TASK DETAILS — Only the records, exactly as written, belong in the answer; pictures do not.

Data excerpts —

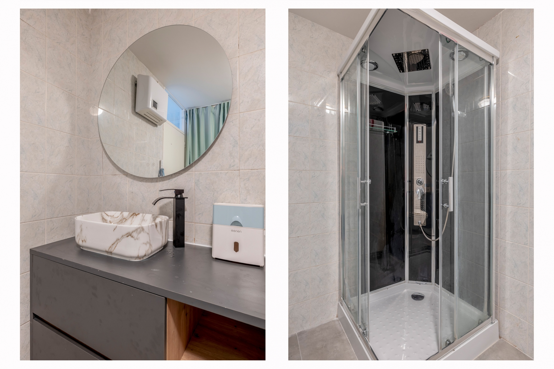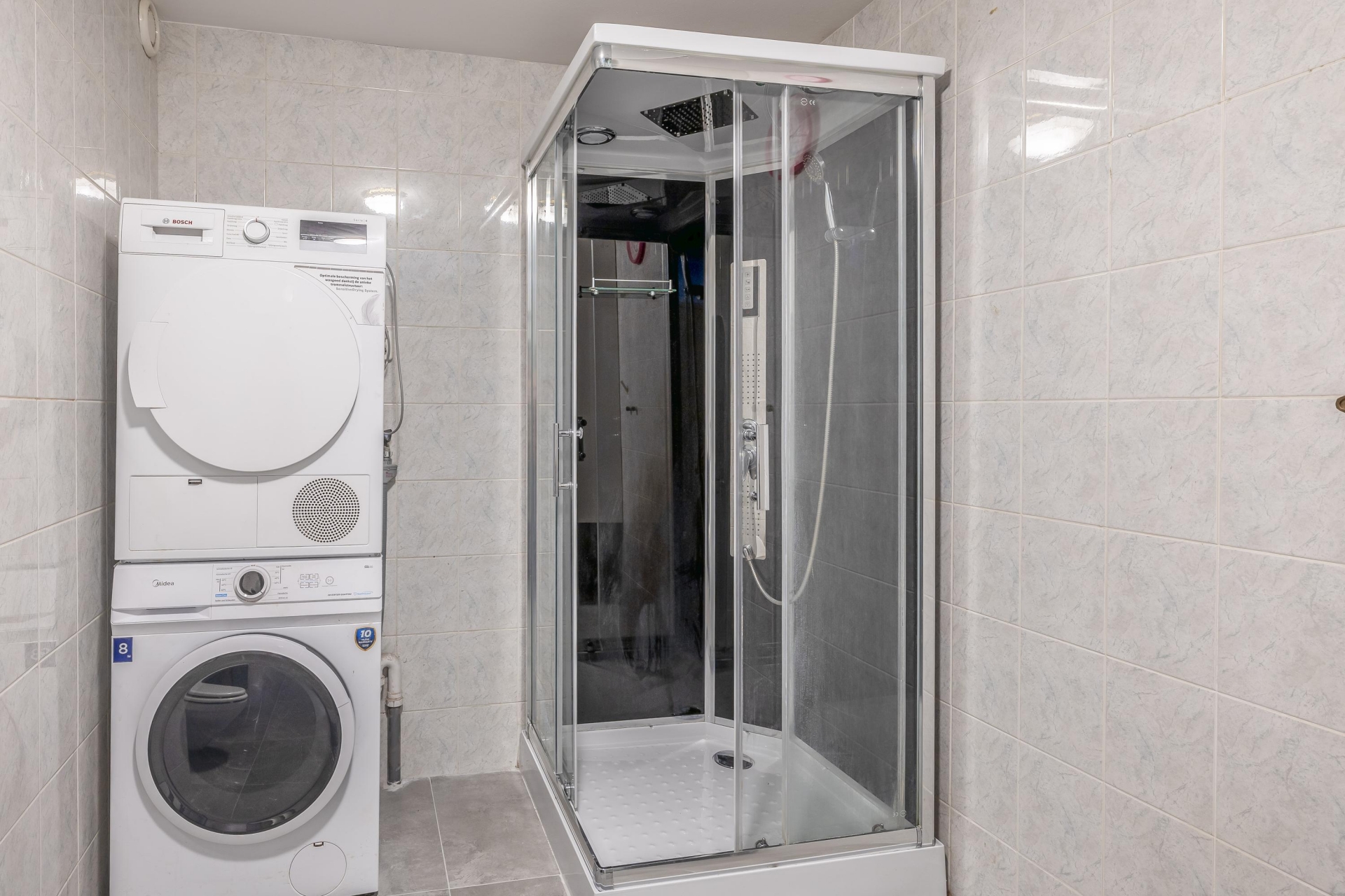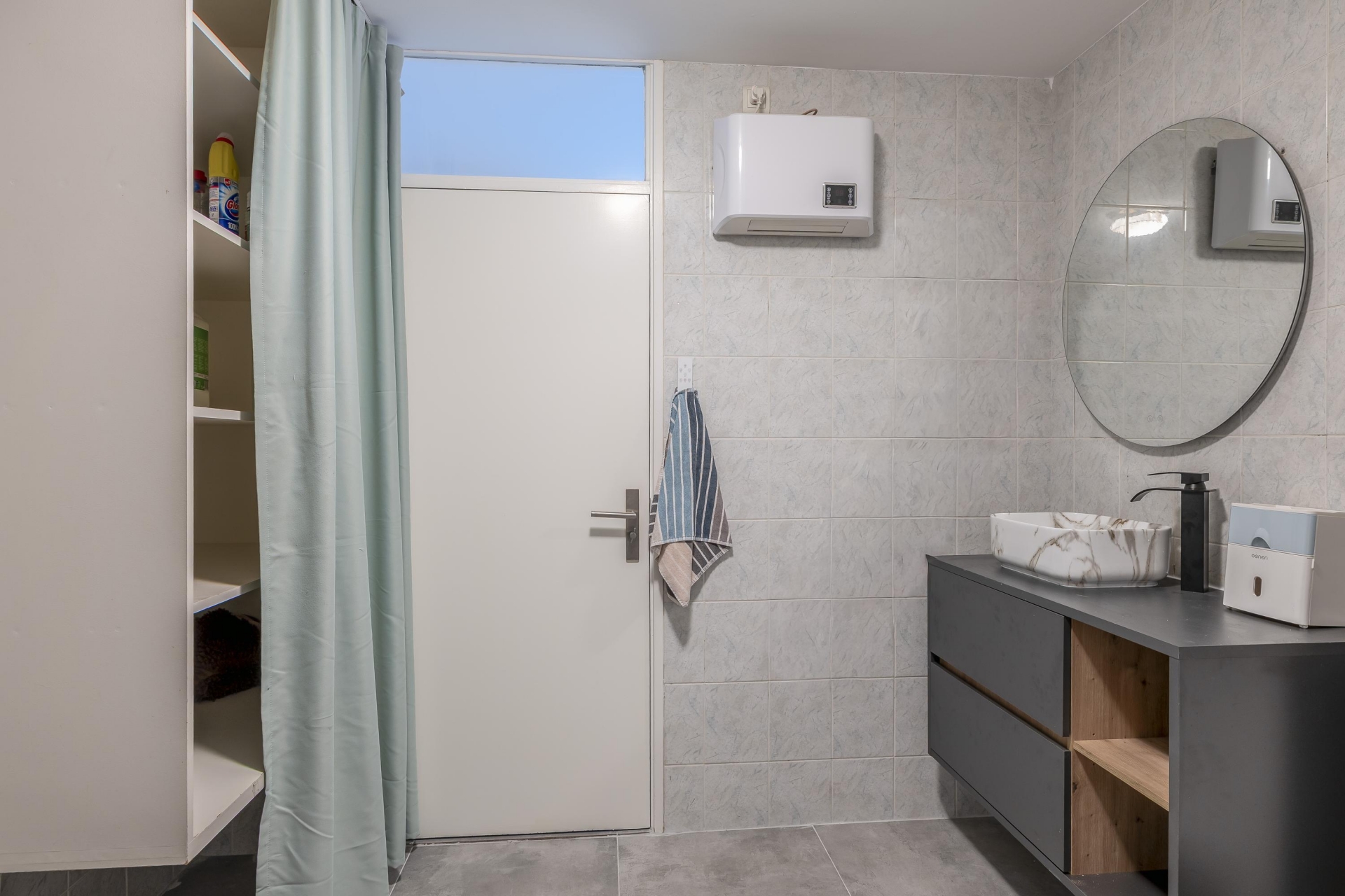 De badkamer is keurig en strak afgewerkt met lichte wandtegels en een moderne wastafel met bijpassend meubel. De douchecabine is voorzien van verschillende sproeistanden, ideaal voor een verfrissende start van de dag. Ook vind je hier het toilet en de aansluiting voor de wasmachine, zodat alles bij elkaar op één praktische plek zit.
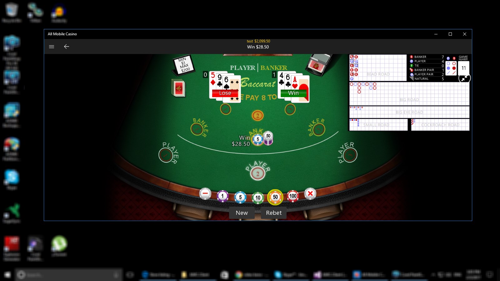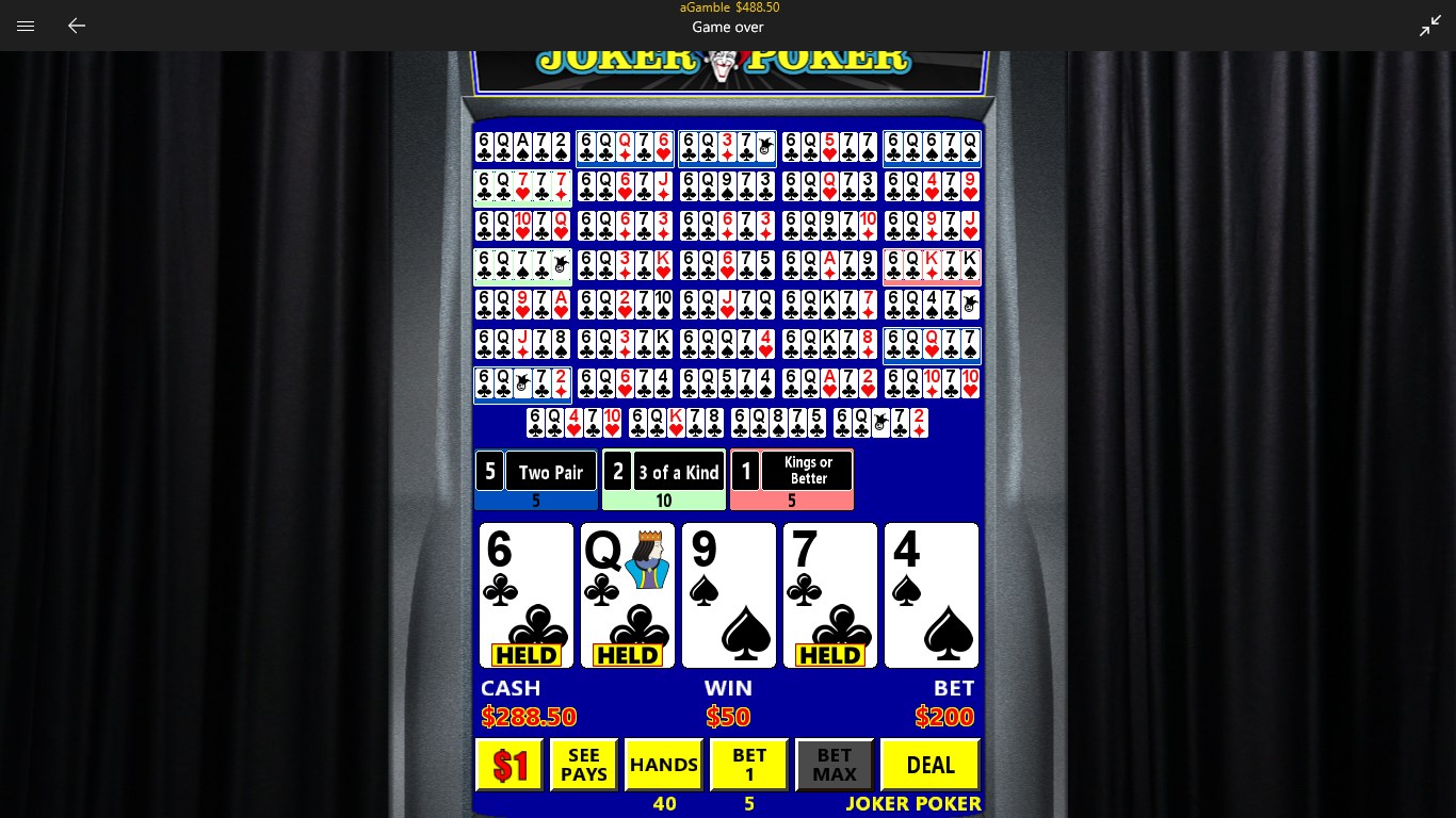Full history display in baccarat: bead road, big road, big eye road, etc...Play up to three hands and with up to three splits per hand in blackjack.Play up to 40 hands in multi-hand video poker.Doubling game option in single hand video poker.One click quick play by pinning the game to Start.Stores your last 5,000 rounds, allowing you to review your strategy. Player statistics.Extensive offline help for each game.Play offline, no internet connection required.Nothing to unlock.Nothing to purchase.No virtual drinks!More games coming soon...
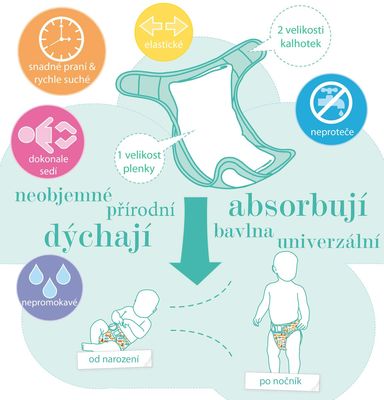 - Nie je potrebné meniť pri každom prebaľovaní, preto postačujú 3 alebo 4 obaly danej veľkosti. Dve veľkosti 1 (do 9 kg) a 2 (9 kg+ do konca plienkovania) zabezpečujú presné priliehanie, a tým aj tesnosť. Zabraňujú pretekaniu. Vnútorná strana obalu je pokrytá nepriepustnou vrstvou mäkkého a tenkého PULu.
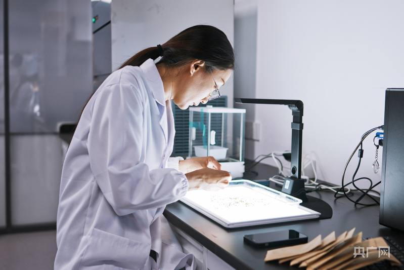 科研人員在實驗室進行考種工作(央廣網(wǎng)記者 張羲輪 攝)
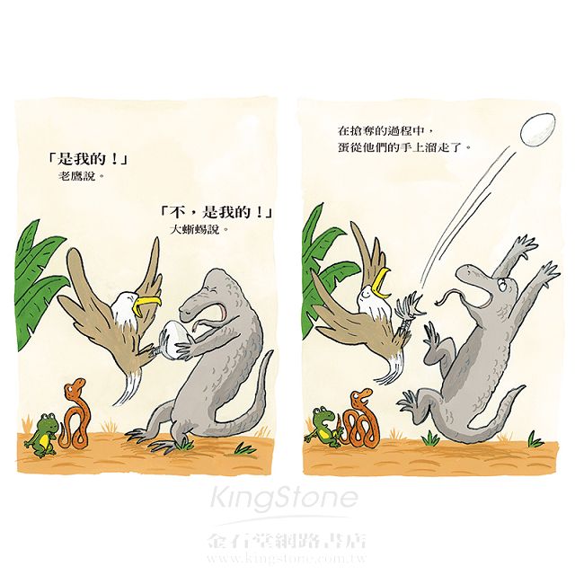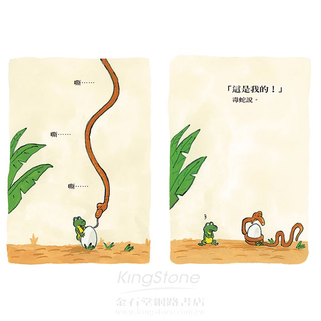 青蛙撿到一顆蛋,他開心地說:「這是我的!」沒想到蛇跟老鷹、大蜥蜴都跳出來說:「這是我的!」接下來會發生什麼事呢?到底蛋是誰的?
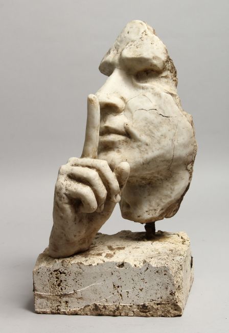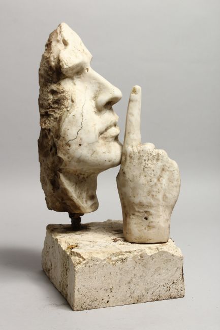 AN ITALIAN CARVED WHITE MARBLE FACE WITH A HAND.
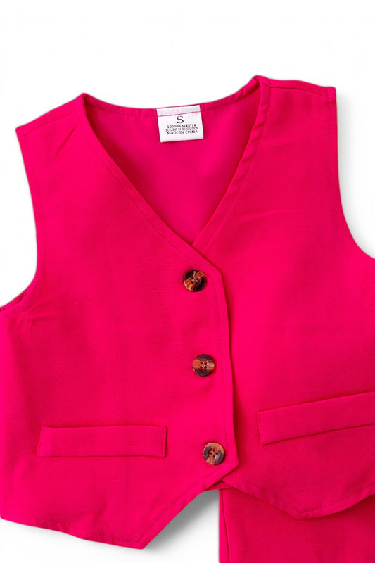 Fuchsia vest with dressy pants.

RESPONSE —
 De badkamer is keurig en strak afgewerkt met lichte wandtegels en een moderne wastafel met bijpassend meubel. De douchecabine is voorzien van verschillende sproeistanden, ideaal voor een verfrissende start van de dag. Ook vind je hier het toilet en de aansluiting voor de wasmachine, zodat alles bij elkaar op één praktische plek zit.
Full history display in baccarat: bead road, big road, big eye road, etc...Play up to three hands and with up to three splits per hand in blackjack.Play up to 40 hands in multi-hand video poker.Doubling game option in single hand video poker.One click quick play by pinning the game to Start.Stores your last 5,000 rounds, allowing you to review your strategy. Player statistics.Extensive offline help for each game.Play offline, no internet connection required.Nothing to unlock.Nothing to purchase.No virtual drinks!More games coming soon...
 - Nie je potrebné meniť pri každom prebaľovaní, preto postačujú 3 alebo 4 obaly danej veľkosti. Dve veľkosti 1 (do 9 kg) a 2 (9 kg+ do konca plienkovania) zabezpečujú presné priliehanie, a tým aj tesnosť. Zabraňujú pretekaniu. Vnútorná strana obalu je pokrytá nepriepustnou vrstvou mäkkého a tenkého PULu.
 科研人員在實驗室進行考種工作(央廣網(wǎng)記者 張羲輪 攝)
 青蛙撿到一顆蛋,他開心地說:「這是我的!」沒想到蛇跟老鷹、大蜥蜴都跳出來說:「這是我的!」接下來會發生什麼事呢?到底蛋是誰的?
 AN ITALIAN CARVED WHITE MARBLE FACE WITH A HAND.
 Fuchsia vest with dressy pants.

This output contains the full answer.